The last category of speech processing involves transmission of voice from place to place. This usually occurs over telephone lines and satellite channels. In large part, this application has been researched and developed by a few select companies over the years. The primary mode of transmission is digital -- that is, the voice signals are represented by numerical codes made up of the ones and zeros of the binary number system. This is done for reasons of efficiency, multiplexing (more than one conversation on a common set of wires), and power reduction and also because digital signals are easily regenerated.
Conventional digital transmission, known as pulse code modulation (PCM), requires transmitting between 48,000 and 64,000 binary digits (ones and zeros) per second. However, researchers over the years have been able to transmit voice over these same channels using special techniques which require only one-tenth as much code or 4,800 binary digits per second. In some cases, they have reduced this requirement to as low as 1,200 bits per second.
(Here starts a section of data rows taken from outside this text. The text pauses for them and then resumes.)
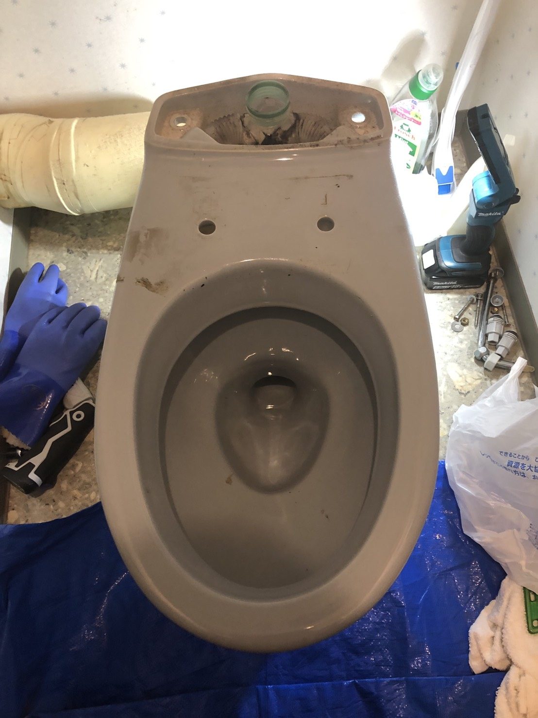 便器の上からつまっている物が確認できませんでしたので、便器を外して異物を取り除く作業のお見積りを事前に行いご納得いただき作業を行いました。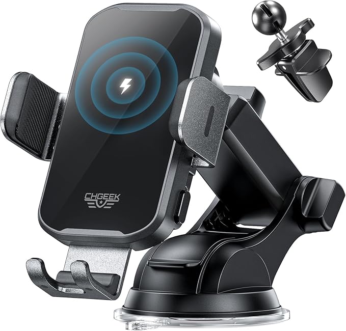 CHGeek Wireless Car Charger Phone Holder Mount, 15W Fast Charging Auto Clamping Phone Holders for Your Car Dashboard Windshield Air Vent Car Accessories for iPhone, Samsung Galaxy, Google Pixel etc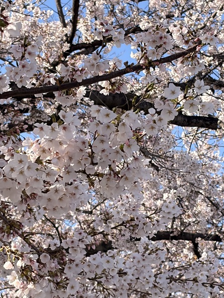 満開の桜。風が吹くたびに花びらが舞い散る様子も、また格別の美しさですね。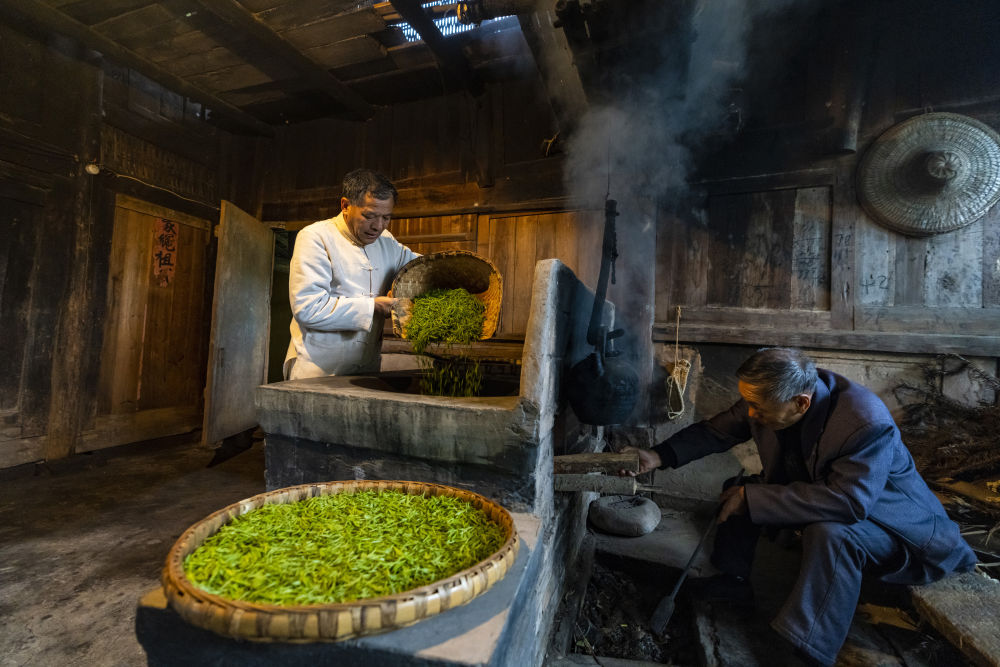 从小他就跟着家里人采茶、制茶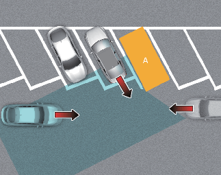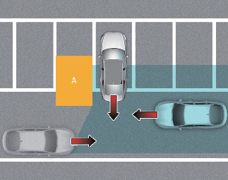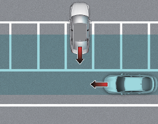 사선으로 주차된 차량이 후진으로 출차할 경우 좌/우측에서 다가오는 차량을 인식하지 못해 후방 교차 충돌방지 보조의 성능이 저하되어 경고를 하지 않거나 제동을 보조하지 않을 수 있습니다.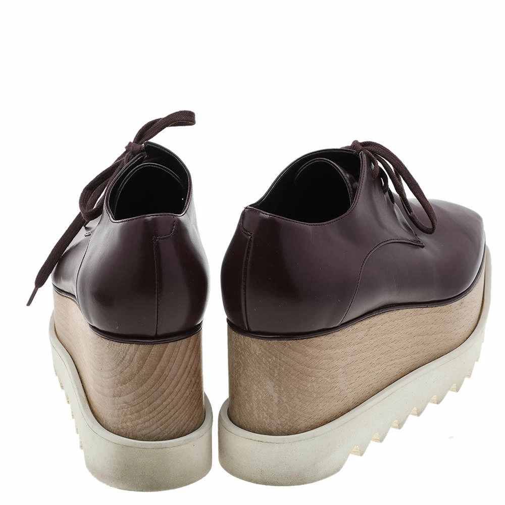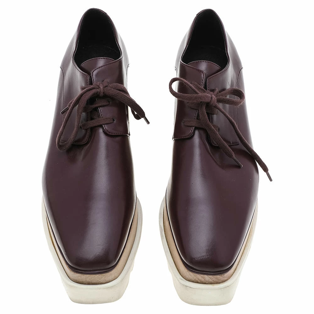 Stella McCartney proves her high style and unique fashion taste with these Elyse derby shoes. They are brimming with exquisite details like the lush burgundy faux leather exterior, the matching laces, and the thick serrated platforms. Grab this pair today and let it help you express your fabulous style.

Yet the signals are able to retain the intelligibility and recognizability required by the customer. This has led to more conversations being carried over the same wires than ever before. The technique has become particularly appealing with the advent of optical fibers whose ability to carry many messages on a laser beam has further increased the capacity for voice traffic.
Overall, voice is by far our best means of communication. It is natural to want to communicate with our machines, as well as with ourselves, over long distances and using our own language for voice commands. And it is reasonable for us to ask these machines to return the favor. Strongly supprted by the recent VLSI technology advances, this is but the beginning of what promises to be one of the most rapidly developing fields in technology over the next 10 years.